## [TASK REQUIREMENTS]
In the records below, reproduce exactly the lines from the one containing "shadows across face" through the one containing "Sacco dell'immondizia gettato", both included, and omit the pictures.

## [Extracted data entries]
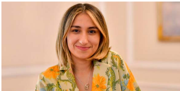
La nueva directora del Dapre, Laura Sarabia, llega a reemplazar en el cargo a Carlos Ramón González.

Este proyecto de ley también otorga facultades al Ministerio de Trabajo para ampliar el número de salas de decisión de las Juntas de Calificación de Invalidez, con el fin de garantizar un eficiente y oportuno reconocimiento de los derechos a la seguridad social especialmente para las regiones, y refleja el compromiso del Gobierno con la mejora continua del sistema de calificación de invalidez en Colombia, asegurando un proceso justo y transparente para todas las y los ciudadanos colombianos.
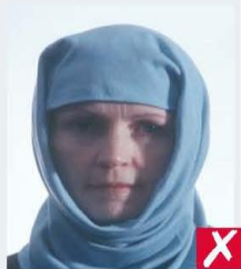
shadows across face
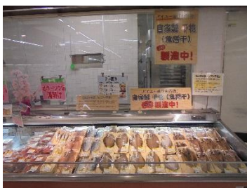
作業場に KF-1000 設置

札幌駅 地下鉄 → 麻生駅で下車 大型スーパーマーケットに立ち寄る。 現在、鮮魚部では店内の干物加工品が大人気になっており、 当社の KF-1000 は、売場からよく見える作業場に設置。
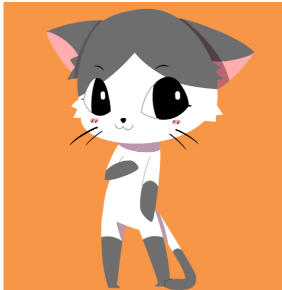
mixi 限定動物「エイミー」
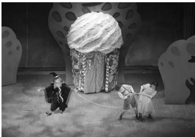
Kitara室内オペラ「ヘンゼルとグレーテル」 平成30年10月13日（土）、14日（日）
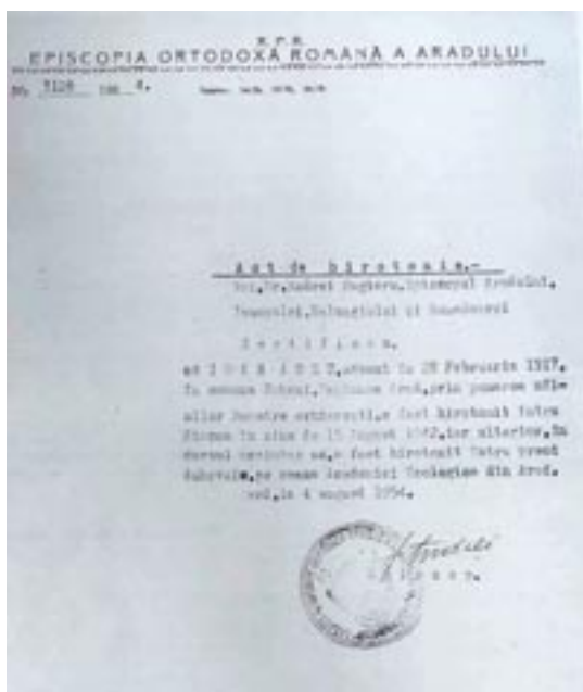
Act de hirotonie (4 august 1954)
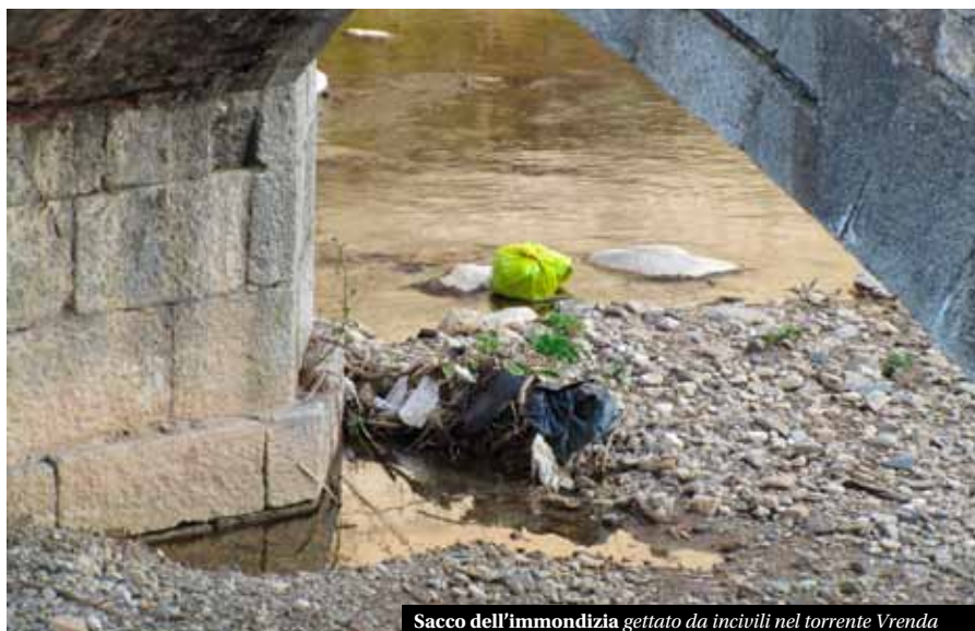
Sacco dell'immondizia gettato da incivili nel torrente Vrenda

Lo smaltimento dei rifiuti è un costo che colpisce in maniera incisiva tutti i cittadini; la negligenza e maleducazione di coloro che non rispettano i regolamenti non fa altro che aumentare questi costi oltre che generare, sul territorio, contaminazioni dannose alla nostra salute, alla flora, alla fauna e all'ambiente circostante, creando, inoltre, un cattivo decoro del paese. ■
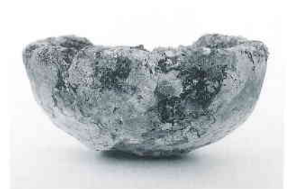
トリベ(鷺山仙道遺跡)
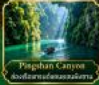
Pinghan Canyon ฮังซียงแกรนด์แคนยอน
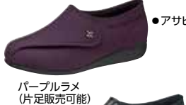
パープルラメ (片足販売可能)
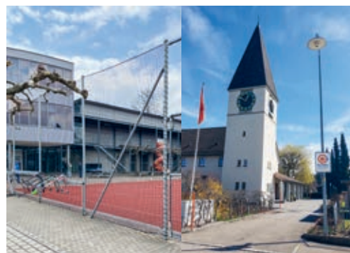
Die Notfalltreffpunkte in der Gemeinde Degersheim befinden sich beim Schulhaus Steinegg und bei der Kirche in Wolfertswil.

Beide Notfalltreffpunkte sind mit einer entsprechenden Tafel gekennzeichnet. Eine Broschüre zu den Notfalltreffpunkten, welche auch wichtige Hinweise für Notsituationen beinhaltet, kann auf der Website der Gemeinde in der Rubrik «Dienstleistungen → Im Notfall» eingesehen werden.
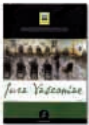
Iura Vasconiae, 5

AUTORES: GREGORIO MONREAL ZIA ET AL. DONOSTIA-SAN SEBASTIÁN: FEDHAV, 2008 421 P. : IL. ; 24 CM. ISSN: 1699-5376
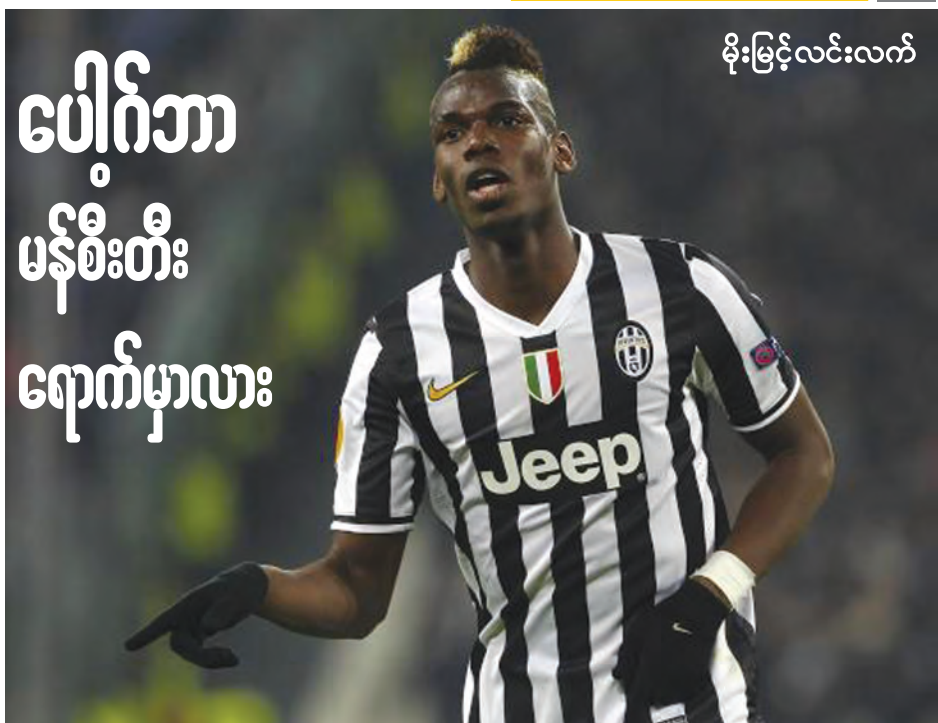
မြင့်မားသူ တစ်ဦးလည်း ဖြစ်တာမို့ မန်စီးတီးကတော့ ပြောင်းရွှေ့ကြေးပေးချေဖို့ အသင့်ရှိနေပြီဖြစ်ပါတယ်။ မိခင် ပြင်သစ်အသင်းအတွက် ၂၂ ပွဲကစားပေးထားပြီး ငါးဝိုးသွင်းယူထားနိုင်တဲ့ ပေါက်ဘာကို မန်စီးတီးက လာမယ့် နေရာသီအပြောင်းအရွှေ့ကာလမှာ ရအောင် ခေါ်ယူဖို့ စောင့်ကြည့်ရမှာဖြစ်ပါတယ်။ ။

ပေါက်ဘာဟာ ဂျူဗင်တပ်ကို ၂၀၁၂ ခုနှစ်က စတင် ရောက်ရှိခဲ့ပြီး အခုအချိန်အထိ ပွဲပေါင်း ၈၆ ပွဲ ကစားပြီး ချိန်မှာ ဝိုးပေါင်း ၂၀ သွင်းယူထားနိုင်တာမို့ အခြား ထိပ်တန်း အသင်းတွေက စိတ်ဝင်စားလာတာဖြစ်ပါတယ်။ လျှင်မြန်မှု၊ အဝင်အထွက်ရမှုများအပြင် ဝိုးသွင်းစွမ်းရည်

## [THE ANSWER]
shadows across face
作業場に KF-1000 設置

札幌駅 地下鉄 → 麻生駅で下車 大型スーパーマーケットに立ち寄る。 現在、鮮魚部では店内の干物加工品が大人気になっており、 当社の KF-1000 は、売場からよく見える作業場に設置。
mixi 限定動物「エイミー」
Kitara室内オペラ「ヘンゼルとグレーテル」 平成30年10月13日（土）、14日（日）
Act de hirotonie (4 august 1954)
Sacco dell'immondizia gettato da incivili nel torrente Vrenda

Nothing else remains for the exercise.